You won Andy. But there are a lot of similarities in our answers ;)
So if you're setting a pointer address, you should always use an uint value
Not true. intptr_t is the integer type wide enough to hold a pointer; ptrdiff_t is the type wide enough to hold a difference of two pointers. Neither one is necessarily the same as an unsigned int.
Compilers are allowed to warn about whatever they feel like. Given the complexity of the 8051 addresses spaces, as mentioned above, along with the variable width of pointers in the C51 implementation, I think it's a good thing for C51 to be sensitive in this regard. You're always free to disable or ignore the warning if you think it's silly, but in this case I'd recommended taking it to heart and putting in the proper casts where needed to convert the data type explicitly, rather than relying on default, implicit, conversions -- even if those did work in version 7.
char buf[1000]; char* p = buf; Now you think that the address of p is a base address. Why? The address of p has nothing to do with buf, and isn't the base of anything meaningful. This is what I consider as pointer address.

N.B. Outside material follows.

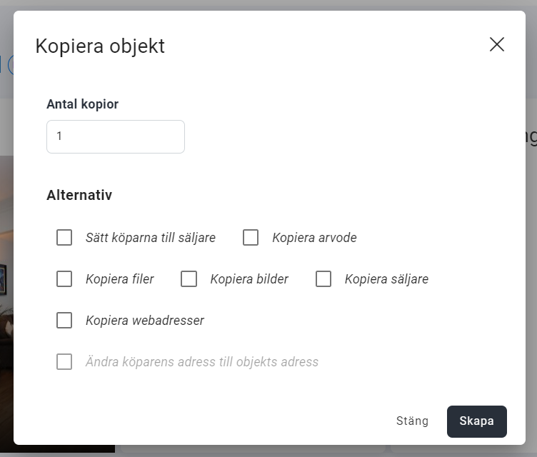 Du får då upp en ruta där du får välja hur många kopior du vill göra, samt vilken information du vill ta med dig från ursprungsobjektet. Klicka sedan på skapa.
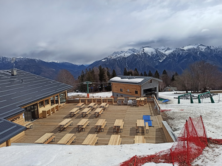 Un cartello di benvenuto ci dice che siamo a quota 813. Mi rendo conto con stupore che da questo stupendo punto panoramico non ero mai passato. Torniamo sui nostri passi per qualche decina di metri e, appena riattraversato il ruscello, risaliamo subito alla nostra destra su un ripido sentiero ben pulito che, in realtà, è una pista di discesa per i virtuosi delle mountain bike. Incrociamo la mulattiera più frequentata, che sale da Prata, poco prima del Lusentino e, dopo due ore scarse di cammino dal campo base, siamo a La Roccia da Romano, l’unica vera roccia. Ci gustiamo uno squisito caffè, rigorosamente “da asporto”, mentre osserviamo dall’alto, finalmente, i lavori di pavimentazione del piazzale, vanamente attesi per decenni. Passando dall’Oratorio di San Bernardo, 1174, lungo la strada arriviamo ad incrociare la pista da sci prima dell’Alpe Foppiano, 1249, dove osserviamo il bellissimo restyling del vecchio “Self Service”.

But we better stop here. I'm programming since a few years now and never had such problems. I think I don't need to read a bible about pointers, just to write some code. That's not the meaning of a computer language. To be more complicated than its inventor.
My conclusion is: if I set a pointer address in XDATA with a number I read from a struct and as long as this number is 2 bytes long and thus valid, then the pointer has to be set. Period. By assigning a pointer's address I'm not doing a pointer conversion, because the pointer only changes the byte it points to. Nothing more, nothing less.